DATA TO EXAMINE: Begin
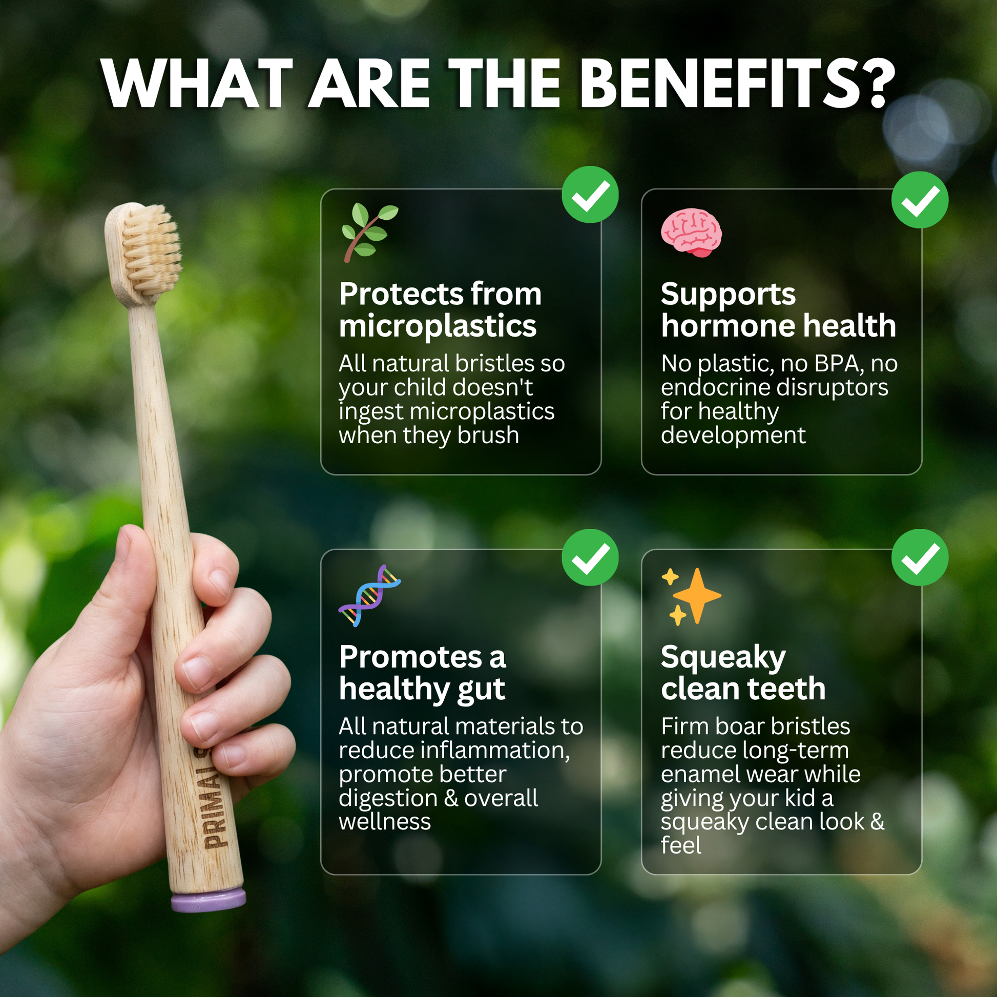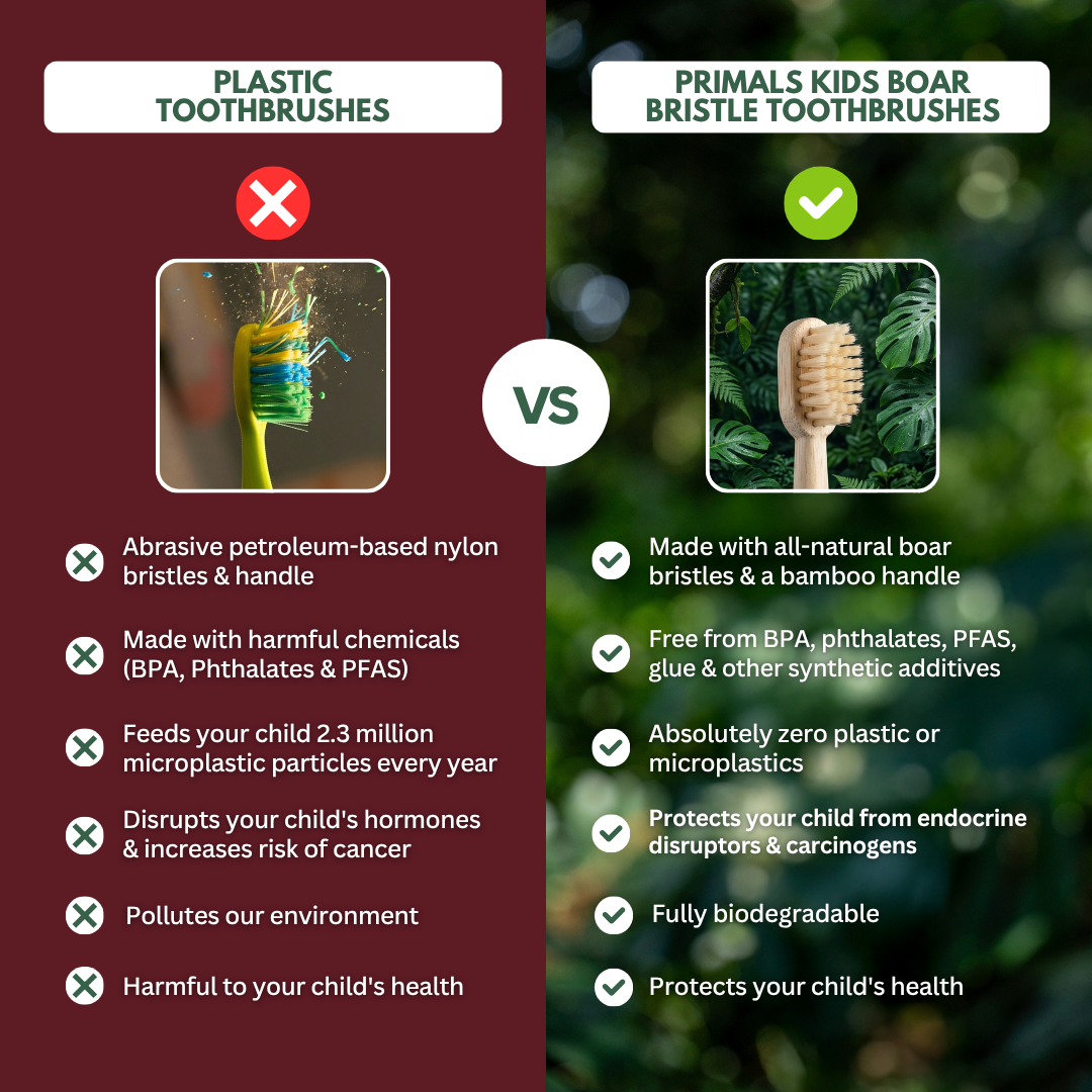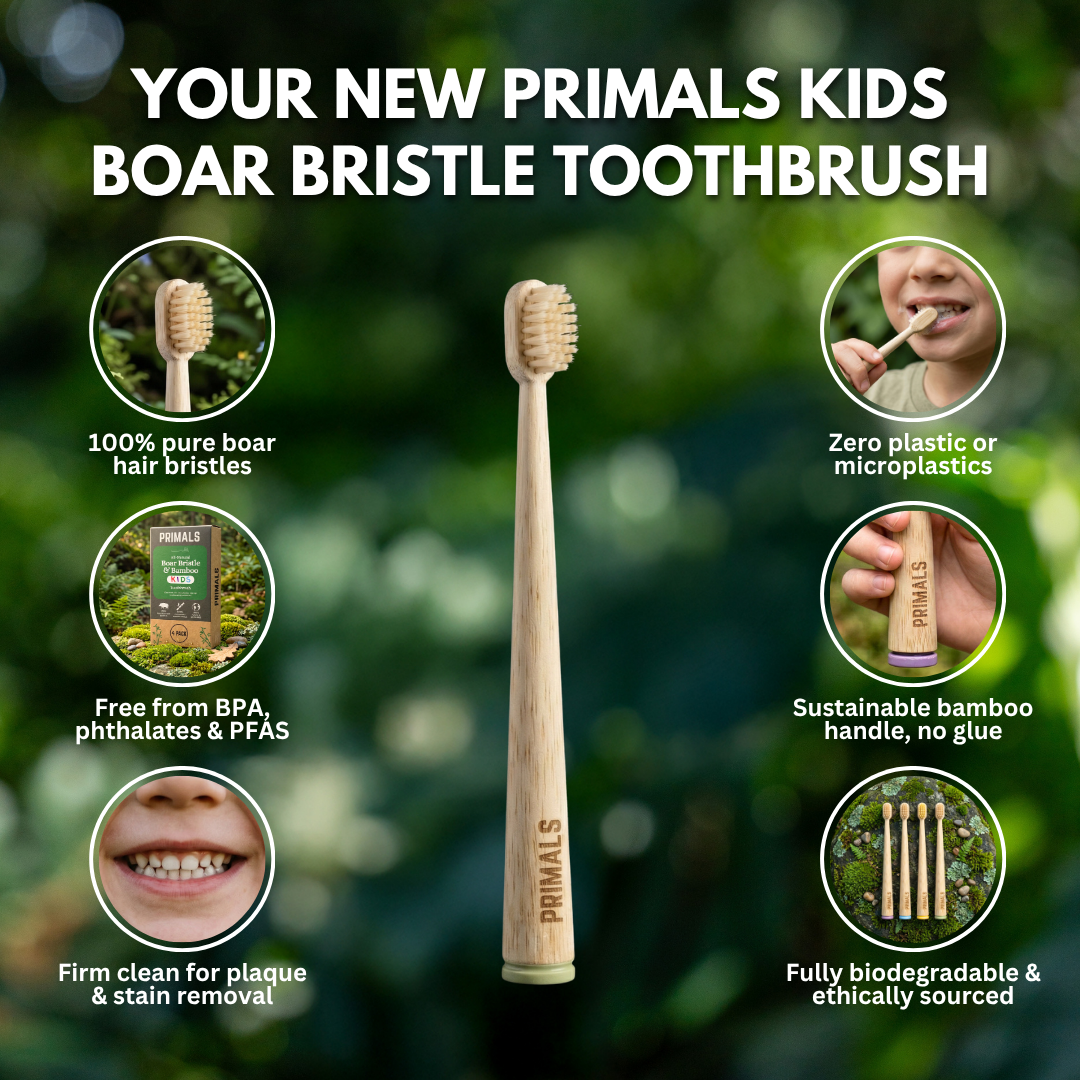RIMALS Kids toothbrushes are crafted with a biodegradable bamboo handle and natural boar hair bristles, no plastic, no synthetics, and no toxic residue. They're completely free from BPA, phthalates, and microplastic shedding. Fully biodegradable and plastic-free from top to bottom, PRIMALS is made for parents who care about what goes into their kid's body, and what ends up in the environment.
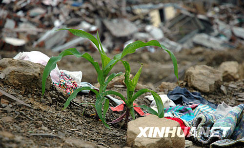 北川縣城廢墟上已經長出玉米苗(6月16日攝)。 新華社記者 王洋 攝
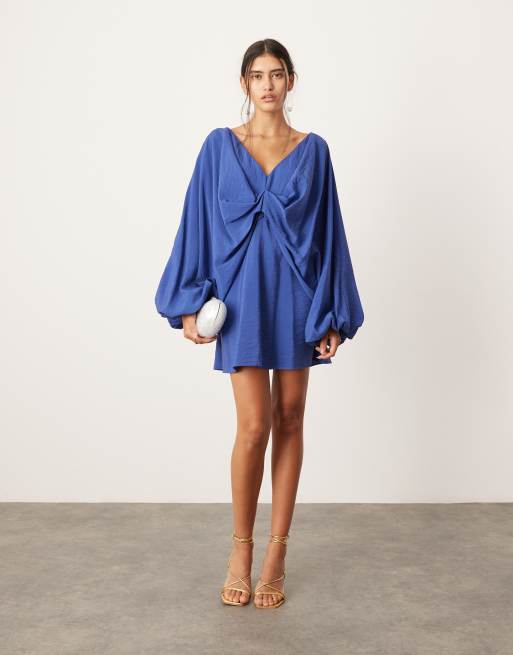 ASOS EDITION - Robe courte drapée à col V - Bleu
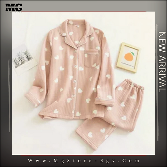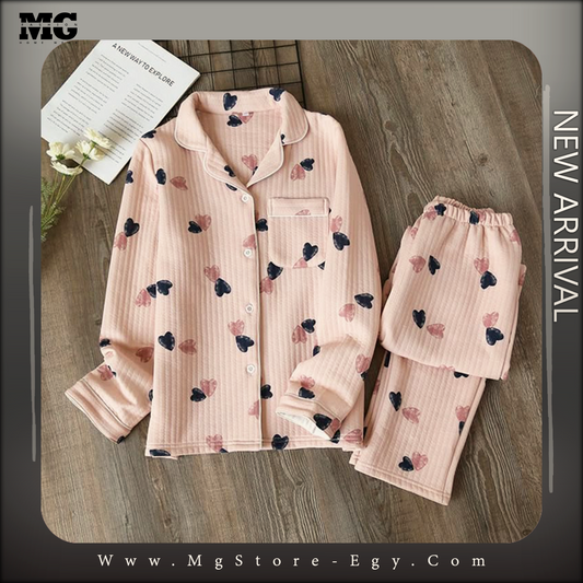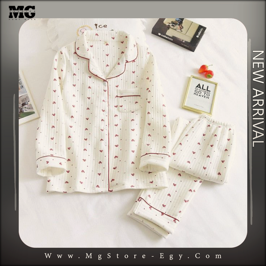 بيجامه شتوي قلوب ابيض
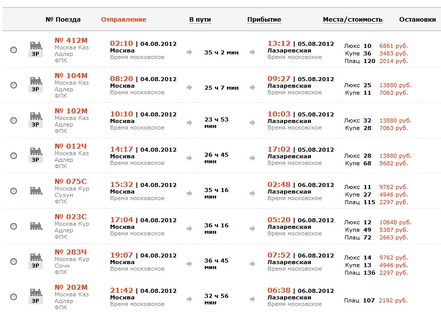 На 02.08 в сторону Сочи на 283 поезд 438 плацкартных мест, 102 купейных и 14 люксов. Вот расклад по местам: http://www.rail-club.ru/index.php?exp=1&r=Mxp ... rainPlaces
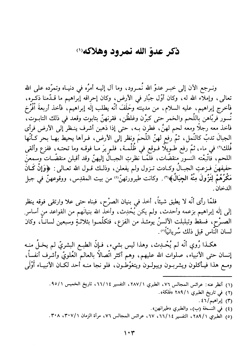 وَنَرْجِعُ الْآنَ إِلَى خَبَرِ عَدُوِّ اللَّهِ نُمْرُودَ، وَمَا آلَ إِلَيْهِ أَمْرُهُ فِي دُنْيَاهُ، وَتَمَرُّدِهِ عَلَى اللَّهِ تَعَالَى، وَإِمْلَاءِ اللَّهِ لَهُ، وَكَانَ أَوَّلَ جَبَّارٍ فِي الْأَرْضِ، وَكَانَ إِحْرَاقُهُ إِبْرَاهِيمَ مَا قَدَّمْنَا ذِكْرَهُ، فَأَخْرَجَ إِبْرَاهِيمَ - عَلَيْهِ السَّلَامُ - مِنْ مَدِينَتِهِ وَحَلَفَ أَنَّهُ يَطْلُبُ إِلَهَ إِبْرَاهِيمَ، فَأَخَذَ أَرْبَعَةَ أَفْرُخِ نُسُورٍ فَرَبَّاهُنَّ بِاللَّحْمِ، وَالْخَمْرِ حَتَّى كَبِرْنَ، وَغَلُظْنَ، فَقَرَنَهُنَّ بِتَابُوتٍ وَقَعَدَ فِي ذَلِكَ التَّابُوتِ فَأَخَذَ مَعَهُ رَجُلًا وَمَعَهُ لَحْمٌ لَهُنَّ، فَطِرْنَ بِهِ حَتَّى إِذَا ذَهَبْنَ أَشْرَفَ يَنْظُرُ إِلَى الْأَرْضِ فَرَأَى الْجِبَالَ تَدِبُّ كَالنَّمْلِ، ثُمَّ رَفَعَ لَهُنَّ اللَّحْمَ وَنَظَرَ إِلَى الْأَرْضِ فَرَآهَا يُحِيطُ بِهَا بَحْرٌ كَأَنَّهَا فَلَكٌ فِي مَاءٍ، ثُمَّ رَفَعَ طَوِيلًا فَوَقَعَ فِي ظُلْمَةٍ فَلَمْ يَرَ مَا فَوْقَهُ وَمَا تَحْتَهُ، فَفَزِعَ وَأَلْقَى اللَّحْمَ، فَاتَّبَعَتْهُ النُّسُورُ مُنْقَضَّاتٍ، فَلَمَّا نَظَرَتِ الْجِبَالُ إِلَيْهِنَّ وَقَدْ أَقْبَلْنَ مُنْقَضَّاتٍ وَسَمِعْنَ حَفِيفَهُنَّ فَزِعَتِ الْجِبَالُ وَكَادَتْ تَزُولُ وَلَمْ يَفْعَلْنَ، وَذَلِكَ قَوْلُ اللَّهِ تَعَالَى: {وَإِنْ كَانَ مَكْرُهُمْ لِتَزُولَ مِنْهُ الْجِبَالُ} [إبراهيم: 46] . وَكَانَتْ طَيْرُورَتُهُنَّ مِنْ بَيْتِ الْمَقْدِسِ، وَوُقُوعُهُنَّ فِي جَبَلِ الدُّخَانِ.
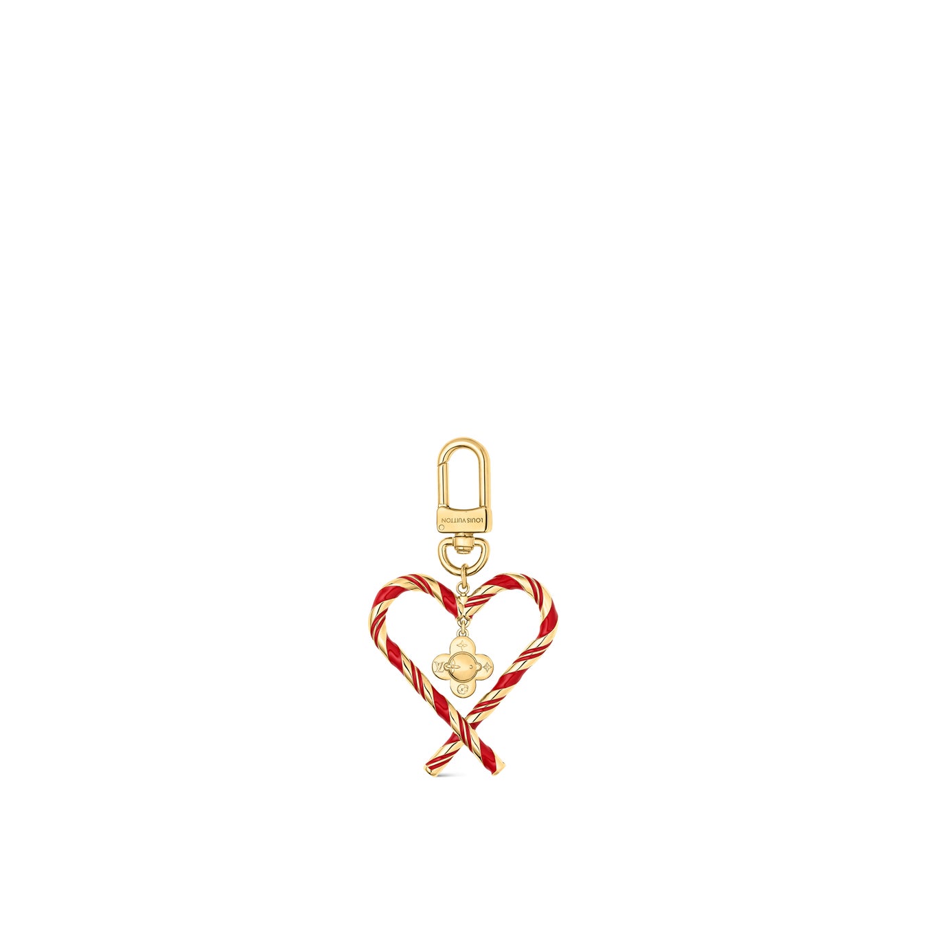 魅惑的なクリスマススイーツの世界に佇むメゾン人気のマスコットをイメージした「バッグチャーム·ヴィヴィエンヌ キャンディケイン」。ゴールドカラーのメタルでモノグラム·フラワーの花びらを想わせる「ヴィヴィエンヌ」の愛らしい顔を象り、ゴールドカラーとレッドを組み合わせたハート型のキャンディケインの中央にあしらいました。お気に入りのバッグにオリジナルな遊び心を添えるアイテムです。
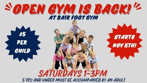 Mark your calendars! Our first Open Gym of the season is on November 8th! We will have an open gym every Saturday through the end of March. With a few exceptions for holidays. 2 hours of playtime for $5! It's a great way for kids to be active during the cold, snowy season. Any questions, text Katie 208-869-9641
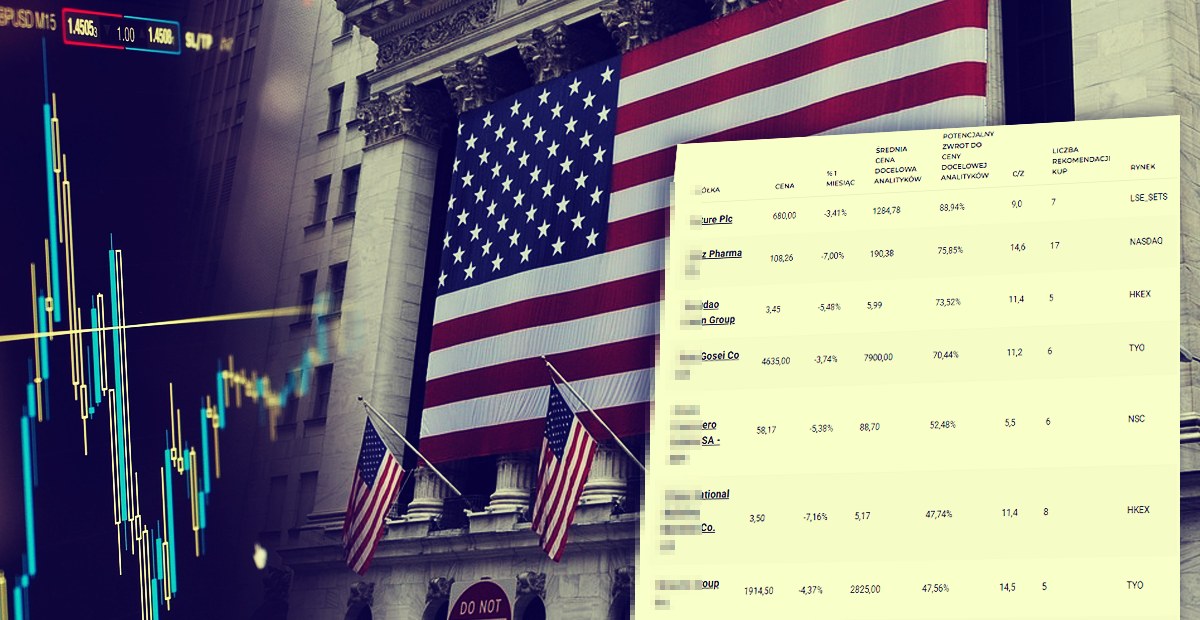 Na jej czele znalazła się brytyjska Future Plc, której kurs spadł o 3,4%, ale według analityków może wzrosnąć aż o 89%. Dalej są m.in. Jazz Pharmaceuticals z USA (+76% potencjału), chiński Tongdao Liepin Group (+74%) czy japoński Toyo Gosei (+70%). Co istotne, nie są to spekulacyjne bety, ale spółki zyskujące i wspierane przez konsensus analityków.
DATA TO EXAMINE: End
> [ACTIVITY]:
When you reproduce the entries above, keep every word exact and leave the images out.

> [SOLUTION]:
RIMALS Kids toothbrushes are crafted with a biodegradable bamboo handle and natural boar hair bristles, no plastic, no synthetics, and no toxic residue. They're completely free from BPA, phthalates, and microplastic shedding. Fully biodegradable and plastic-free from top to bottom, PRIMALS is made for parents who care about what goes into their kid's body, and what ends up in the environment.
 北川縣城廢墟上已經長出玉米苗(6月16日攝)。 新華社記者 王洋 攝
 ASOS EDITION - Robe courte drapée à col V - Bleu
 بيجامه شتوي قلوب ابيض
 На 02.08 в сторону Сочи на 283 поезд 438 плацкартных мест, 102 купейных и 14 люксов. Вот расклад по местам: http://www.rail-club.ru/index.php?exp=1&r=Mxp ... rainPlaces
 وَنَرْجِعُ الْآنَ إِلَى خَبَرِ عَدُوِّ اللَّهِ نُمْرُودَ، وَمَا آلَ إِلَيْهِ أَمْرُهُ فِي دُنْيَاهُ، وَتَمَرُّدِهِ عَلَى اللَّهِ تَعَالَى، وَإِمْلَاءِ اللَّهِ لَهُ، وَكَانَ أَوَّلَ جَبَّارٍ فِي الْأَرْضِ، وَكَانَ إِحْرَاقُهُ إِبْرَاهِيمَ مَا قَدَّمْنَا ذِكْرَهُ، فَأَخْرَجَ إِبْرَاهِيمَ - عَلَيْهِ السَّلَامُ - مِنْ مَدِينَتِهِ وَحَلَفَ أَنَّهُ يَطْلُبُ إِلَهَ إِبْرَاهِيمَ، فَأَخَذَ أَرْبَعَةَ أَفْرُخِ نُسُورٍ فَرَبَّاهُنَّ بِاللَّحْمِ، وَالْخَمْرِ حَتَّى كَبِرْنَ، وَغَلُظْنَ، فَقَرَنَهُنَّ بِتَابُوتٍ وَقَعَدَ فِي ذَلِكَ التَّابُوتِ فَأَخَذَ مَعَهُ رَجُلًا وَمَعَهُ لَحْمٌ لَهُنَّ، فَطِرْنَ بِهِ حَتَّى إِذَا ذَهَبْنَ أَشْرَفَ يَنْظُرُ إِلَى الْأَرْضِ فَرَأَى الْجِبَالَ تَدِبُّ كَالنَّمْلِ، ثُمَّ رَفَعَ لَهُنَّ اللَّحْمَ وَنَظَرَ إِلَى الْأَرْضِ فَرَآهَا يُحِيطُ بِهَا بَحْرٌ كَأَنَّهَا فَلَكٌ فِي مَاءٍ، ثُمَّ رَفَعَ طَوِيلًا فَوَقَعَ فِي ظُلْمَةٍ فَلَمْ يَرَ مَا فَوْقَهُ وَمَا تَحْتَهُ، فَفَزِعَ وَأَلْقَى اللَّحْمَ، فَاتَّبَعَتْهُ النُّسُورُ مُنْقَضَّاتٍ، فَلَمَّا نَظَرَتِ الْجِبَالُ إِلَيْهِنَّ وَقَدْ أَقْبَلْنَ مُنْقَضَّاتٍ وَسَمِعْنَ حَفِيفَهُنَّ فَزِعَتِ الْجِبَالُ وَكَادَتْ تَزُولُ وَلَمْ يَفْعَلْنَ، وَذَلِكَ قَوْلُ اللَّهِ تَعَالَى: {وَإِنْ كَانَ مَكْرُهُمْ لِتَزُولَ مِنْهُ الْجِبَالُ} [إبراهيم: 46] . وَكَانَتْ طَيْرُورَتُهُنَّ مِنْ بَيْتِ الْمَقْدِسِ، وَوُقُوعُهُنَّ فِي جَبَلِ الدُّخَانِ.
 魅惑的なクリスマススイーツの世界に佇むメゾン人気のマスコットをイメージした「バッグチャーム·ヴィヴィエンヌ キャンディケイン」。ゴールドカラーのメタルでモノグラム·フラワーの花びらを想わせる「ヴィヴィエンヌ」の愛らしい顔を象り、ゴールドカラーとレッドを組み合わせたハート型のキャンディケインの中央にあしらいました。お気に入りのバッグにオリジナルな遊び心を添えるアイテムです。
 Mark your calendars! Our first Open Gym of the season is on November 8th! We will have an open gym every Saturday through the end of March. With a few exceptions for holidays. 2 hours of playtime for $5! It's a great way for kids to be active during the cold, snowy season. Any questions, text Katie 208-869-9641
 Na jej czele znalazła się brytyjska Future Plc, której kurs spadł o 3,4%, ale według analityków może wzrosnąć aż o 89%. Dalej są m.in. Jazz Pharmaceuticals z USA (+76% potencjału), chiński Tongdao Liepin Group (+74%) czy japoński Toyo Gosei (+70%). Co istotne, nie są to spekulacyjne bety, ale spółki zyskujące i wspierane przez konsensus analityków.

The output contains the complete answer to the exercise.